= Nike Women's Advertising =

Nike Women's Advertising is Nike advertisements towards women.

Although Nike started aggressively advertising towards women in the 1990s, they were not the first athletic company to promote their products towards women. According to Shelly Lucas's article, "Nike's Commercial Solution: Girls, Sneakers, and Salvation", "In 1981, Reebok, one of Nike's competitors in the athletic shoe industry, chose to make women its primary target market." Because aerobics became popular among women, Reebok pursued that opportunity by advertising towards women. Nike executives, however, did not view aerobics as a sport, and as a result, did not immediately take advantage of the opportunity.

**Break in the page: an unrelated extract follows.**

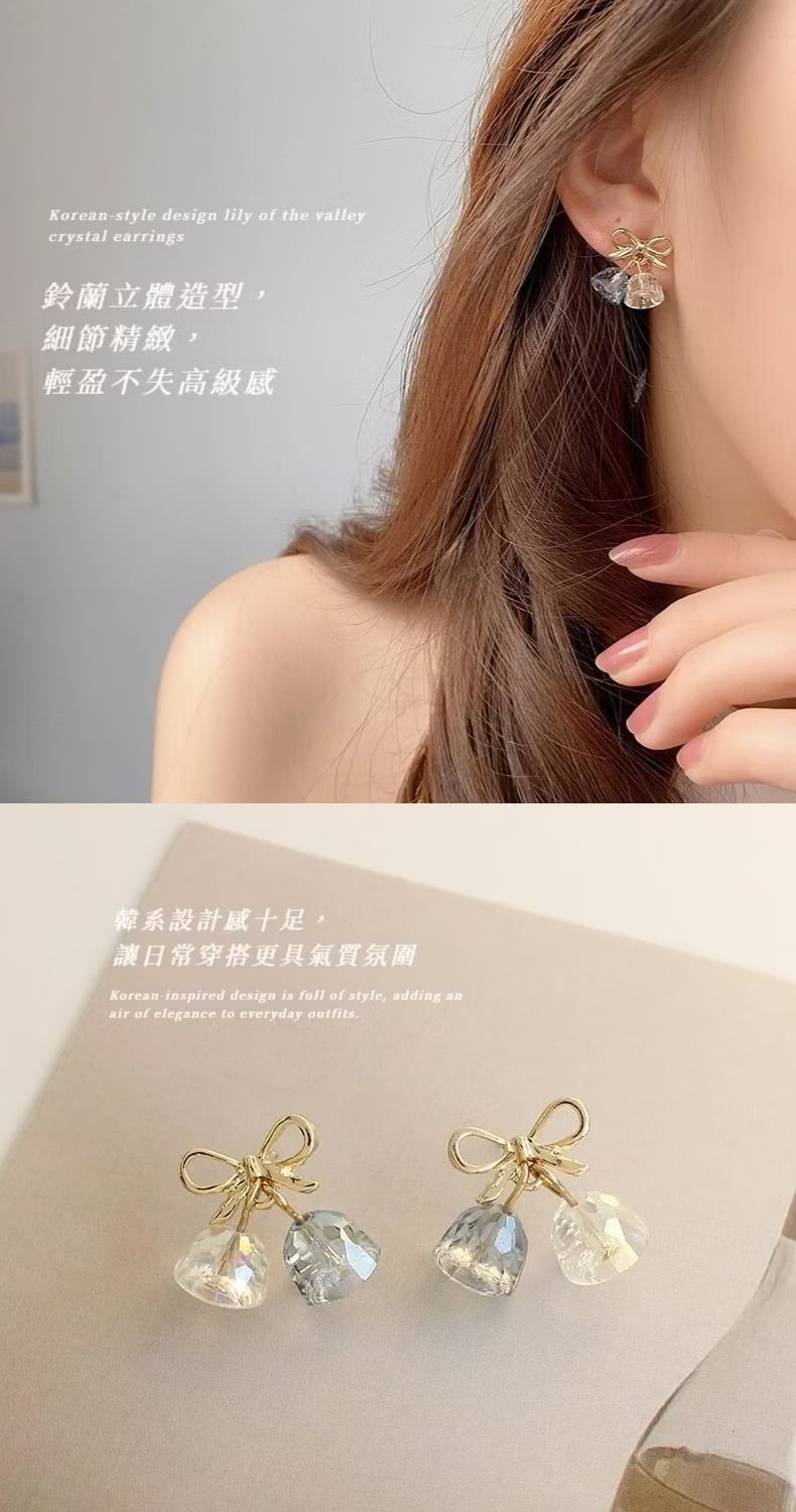 【森林系】韓系設計感鈴蘭花水晶耳環(耳針 耳釘 耳飾 穿搭配件 飾品 復古 洋裝)

Eventually, Reebok's strategic move to advertise towards women proved to be a success, showing a 13% rise in market share (while Nike's market share was declining by 28%). Prior to 1987, there were no Nike advertisements directed toward women, because it was believed that it would compromise Nike’s authentic and serious sports image. Finally, in 1987, Nike slowly changed course, with more women in its advertisements, but it was not really until the 1990s that it ramped up its focus on woman as an athlete, to compete with Reebok. Initially, ads in 1987 were too aggressive and failed to appeal to women. Nevertheless, many people considered the 1987 ads to be a failure. Three years later, Nike advertised in a different way, this time creating ads that targeted women’s emotions, and giving them a feeling, and sense, of community. According to Shelly Lucas, Nike created a team of
   ...about 40 female employees from various Nike, and Wieden & Kennedy (Nike's advertising agency) departments, and let this team work "together on new women’s campaign". This team of women eventually created advertising campaigns revolving around three "big ideas": empowerment, entitlement, and product emphasis; these became influential among women throughout the nation, according to Jean Grow and Joyce Wolburg.